Consumer staples are the basic goods that people buy to support their everyday lives. Companies in this industry manufacture, distribute and sell products like food, beverages and personal hygiene products, which are typically less sensitive to economic cycles. Many of the major investment companies offer some consumer staples play. Vanguard, for example, offers VDC, a consumer staples ETF, and a Consumer Staples Index mutual fund.
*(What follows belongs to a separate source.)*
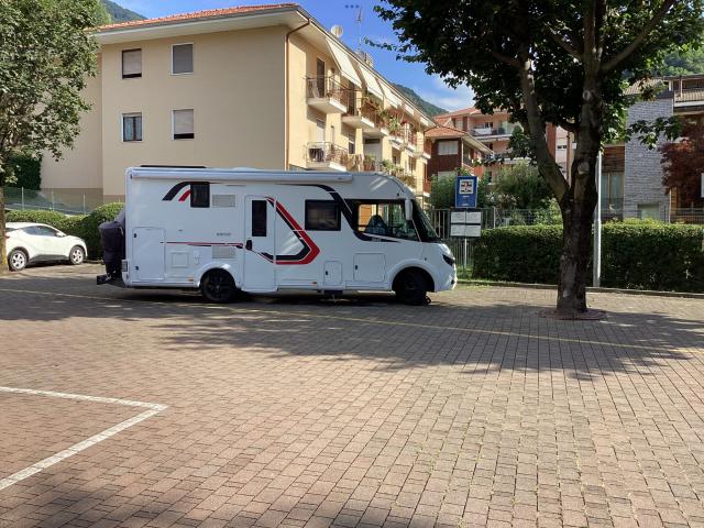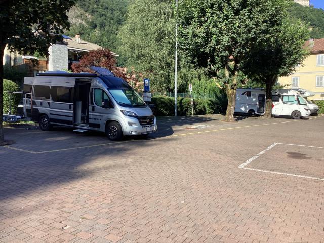 L'area dedicata ai camper è troppo in pendenza, è possibile sostare nella grande Piazza adiacente completamente gratuita, vi sono posti con possibilità di lasciare la parte posteriore nell'aiuola con mezzi fino a 6,50 metri. Il centro è molto comodo e caratteristico a 200 metri. Facile anche l'accesso alla funicolare e alla salita al Sacro Monte 500 metri.

Invesco has PBJ, its dynamic food & beverage ETF, along with a more general S&P SmallCap Consumer Staples ETF.
To help you find the best consumer staples stocks, Forbes Advisor has profiled the 10 largest companies in this sector by market capitalization. Over the past decade, consumer staples stocks have outperformed the broader market. The S&P 500 Consumer Staples Index has gained an average of 9.4% annually, while the S&P 500 Index has how to become a trader on wall street gained an average of 7.2% annually. These are the consumer staples stocks that had the highest total return over the past 12 months. While consumer staples stocks have many advantages, there are also some potential drawbacks. These products are essential for maintaining a clean and healthy home, and people consume them regularly.
She’s also an aspiring polyglot, always in a book and forever on the hunt for the perfect classic red lipstick. This website is using a security service to protect itself from online attacks. There are several actions that could trigger this block including submitting a certain word or phrase, a SQL command or malformed data.